Dr. Khayat says that a great way to help get the emotions out of your child’s mind and into the real world is to use “externalizing strategies” which are “ways to get kids to move their emotions from their head and into fully formulated thoughts and behaviors.”

It could be achieved through:

  • writing or drawing about the explosion
  • turning the emotions into characters (tell them: show me what your fear looked like, show me what your anger looked like)
  • writing a letter to someone or a poem about it
  • playing out the scene in imaginative plays (but make sure there’s a good resolution at the end where everyone goes back to feeling safe and healthy)
  • talking about it with friends or family

#5 Bring in another family member!

“If your child is really struggling, it is always a good idea to bring a beloved family member or family friend into the picture,” says Dr. Khayat.

“Share with that adult a little bit about where your child is really getting stuck, find similarities, and encourage the adult to share with your child how they feel the same, talk about it more, or even discuss what they have done to make themselves feel better.”

Examples of things to say:

  • You know I had a lot of trouble falling asleep too after the explosion.
  • Your mom told me you have really sad thoughts about the explosion still. I want you to know that I have the same sometimes too, I get really sad too. What makes you sad the most?
  • Your dad told me you have been feeling angrier lately. I’m like you, when something bad happens I just get in a bad mood. Here’s what I do to help myself…

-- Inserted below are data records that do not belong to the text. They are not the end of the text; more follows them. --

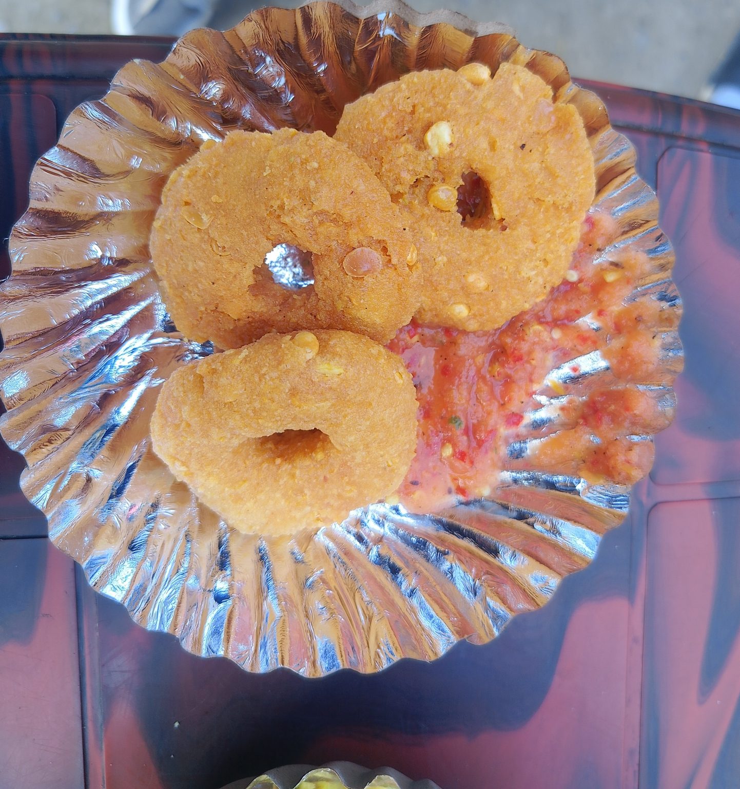Alternative Text: Three golden-brown, round fried Batuk snacks are served on a silver plate.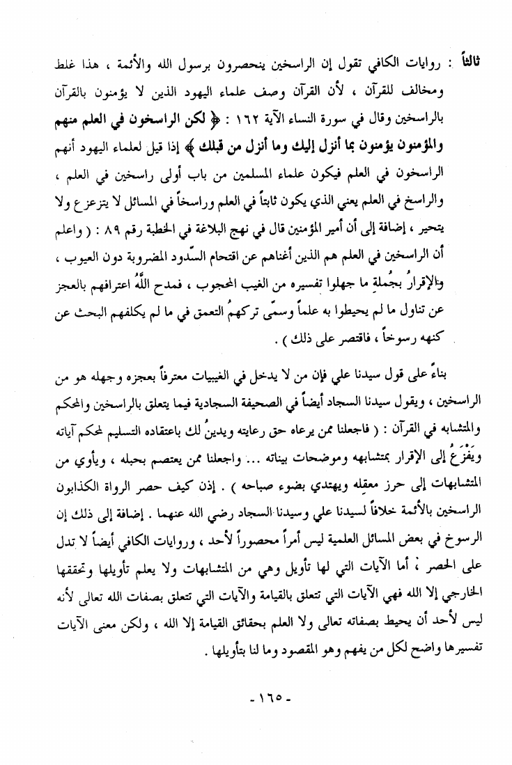 نام کتاب : كسر الصنم أو ما ورد في الكتب المذهبية من الأمور المخالفة للقرآن الكريم والعقل نقض كتاب أصول الكافي للكليني نویسنده : آية الله العظمى السيد أبو الفضل ابن الرضا البرقعي جلد : 1 صفحه : 165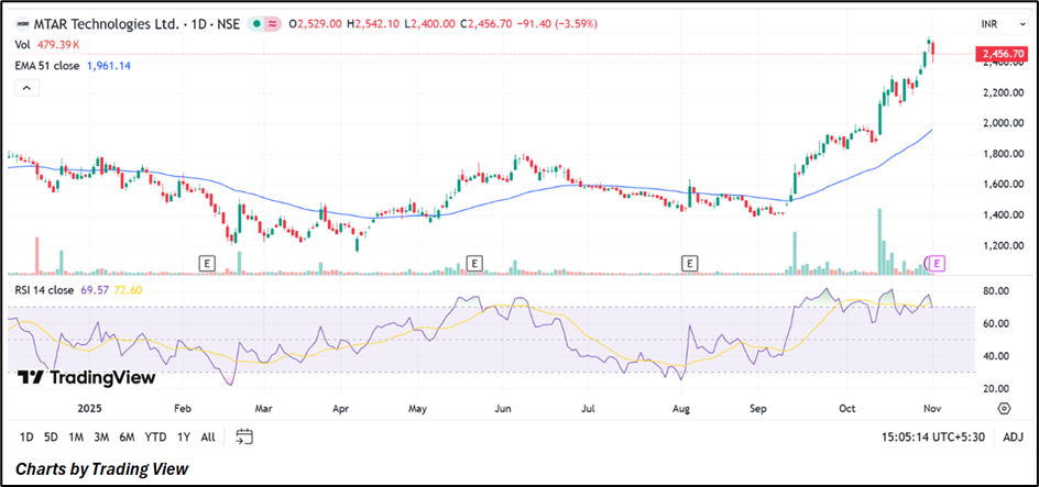 MTAR Technologies maintains bullish momentum, trading well above its 51-day EMA (₹1,961). Rising volumes confirm trend continuation. RSI at 69.57 indicates overbought territory, hinting at a possible short-term pause or mild correction. Key support is seen near ₹2,300–₹2,350, with resistance around ₹2,600.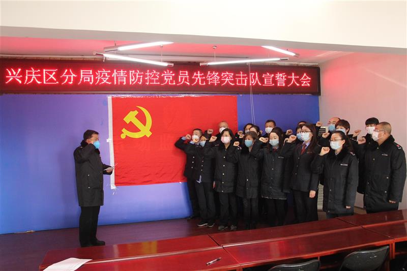 銀川市市場監(jiān)管局興慶區(qū)分局黨員先鋒突擊隊宣誓成立。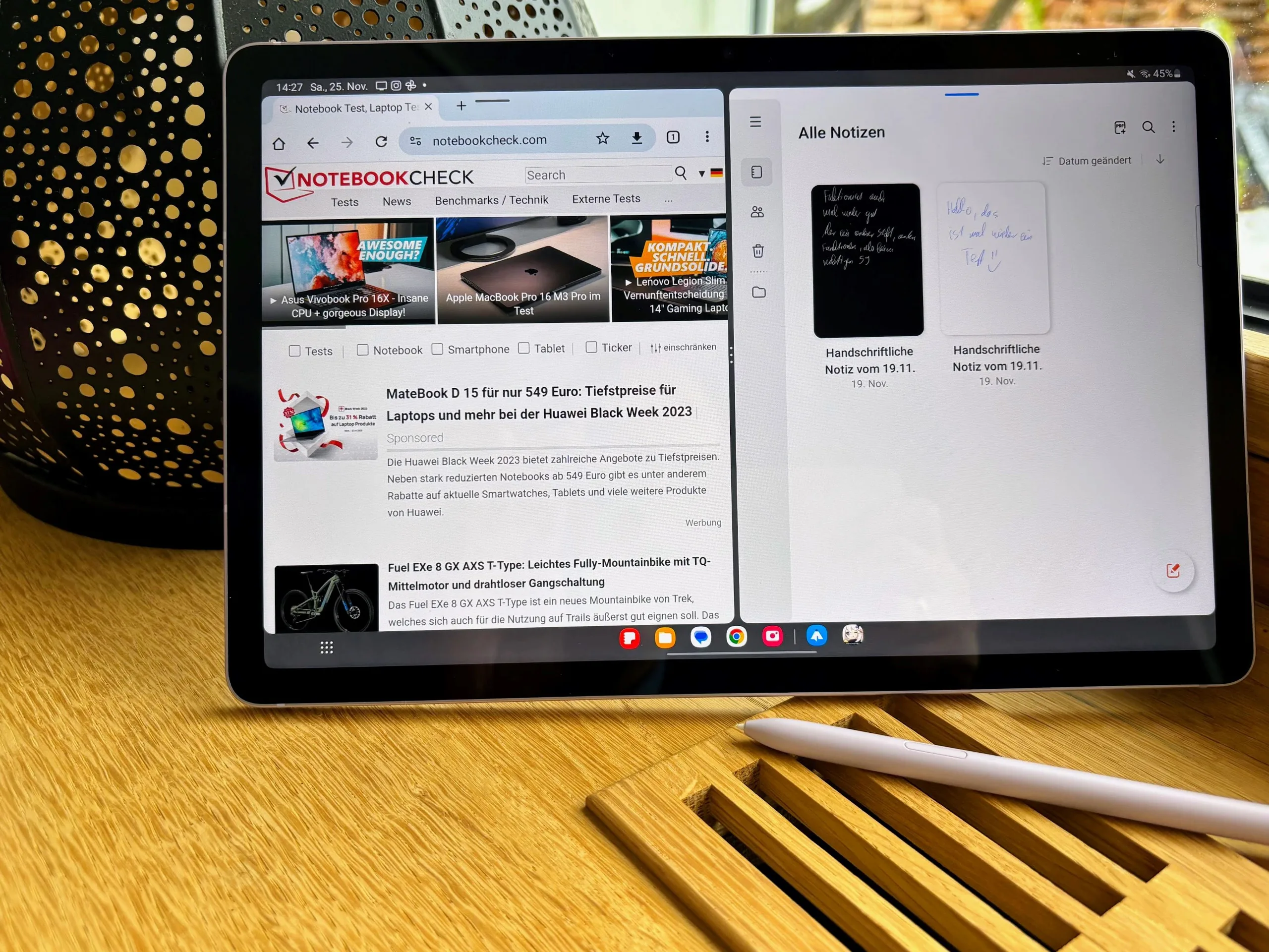 Das größte Downgrade gegenüber dem regulären Galaxy Tab S9 ist der verbaute Prozessor. Samsung setzt auf einen Exynos 1380 statt des Snapdragon 8 Gen 2. Das wird einerseits in Benchmarks und beim Spielen deutlich, aber teils auch im Alltag. Einige geöffnete Chrome-Tabs können das Tablet bereits an seine Grenzen bringen. Auch der langsame verbaute Speicher trägt seinen Teil zur schwächeren System-Performance bei.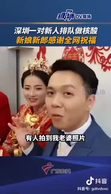 对于来做核酸检测的新人,众多市民也在现场送上了祝福。一名网友表示:“人生大事很重要,核酸检测也很重要。两个重要的事,同一天做吧。这么支持防疫的新娘子,以后一定是个好老婆,祝百年好合,多生贵子!”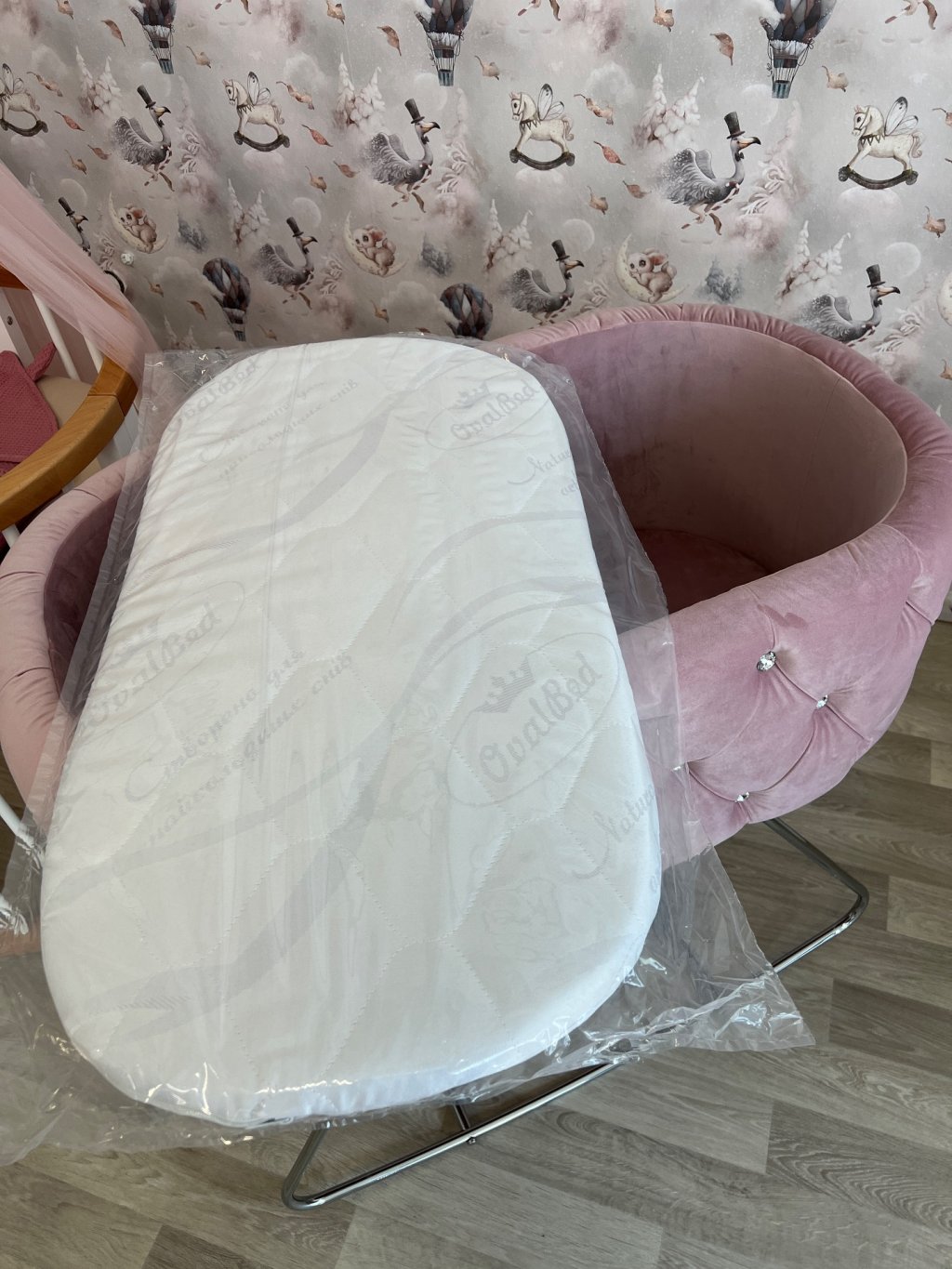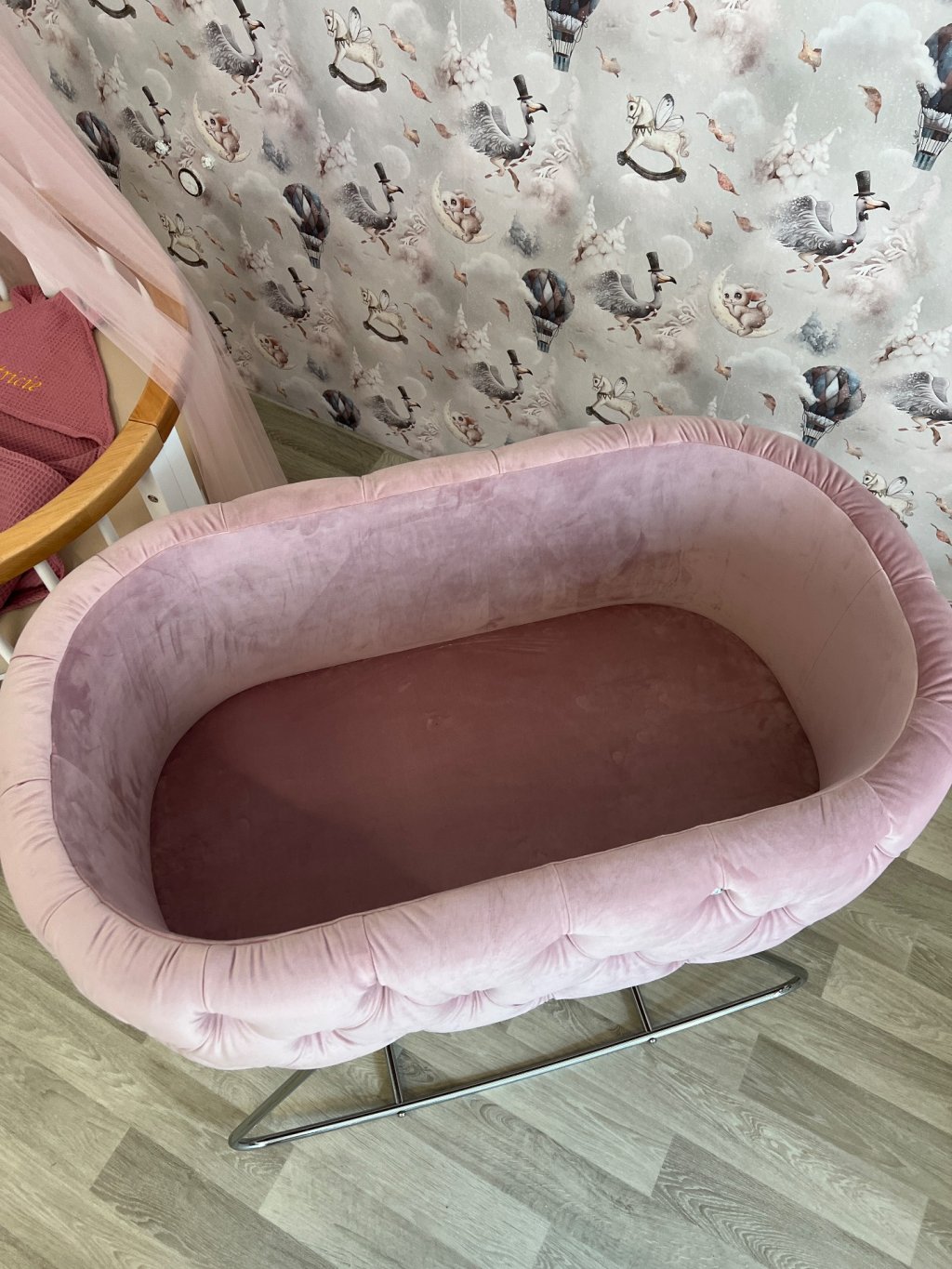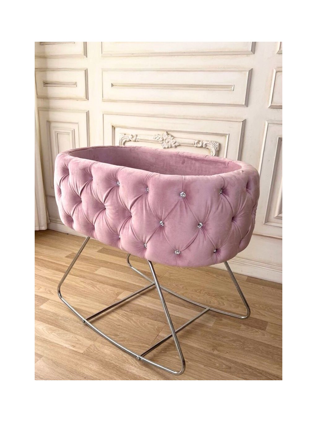 Chesterfield PINK koš s houpacími lyžinami + SWAROVSKI kameny č. 8 čalouněný chesterfield koš s houpacími nohami

“If the trauma symptoms described above in tip #2 cause significant distress or difficulties functioning at home, school, or in relationships with other friends and family members, or if your child just seems significantly unhappier since the explosion, that’s an important cue that your child is stuck beyond what their brain can manage on its own, and it is highly recommended the parents have their kid talk to someone,” advises Dr. Khayat.

About Dr. Noura Khayat

Dr. Noura Khayat

Dr. Khayat is the Director of Clinical Services at the Center for Cognitive Therapy and Assessment (CCTA), a group private practice in the Washington D.C. area. She helps run the practice, provides supervision to other therapists, organizes training sessions, and more.

She is a full-time psychologist working with mostly kids and teens, currently working remotely due to COVID-19.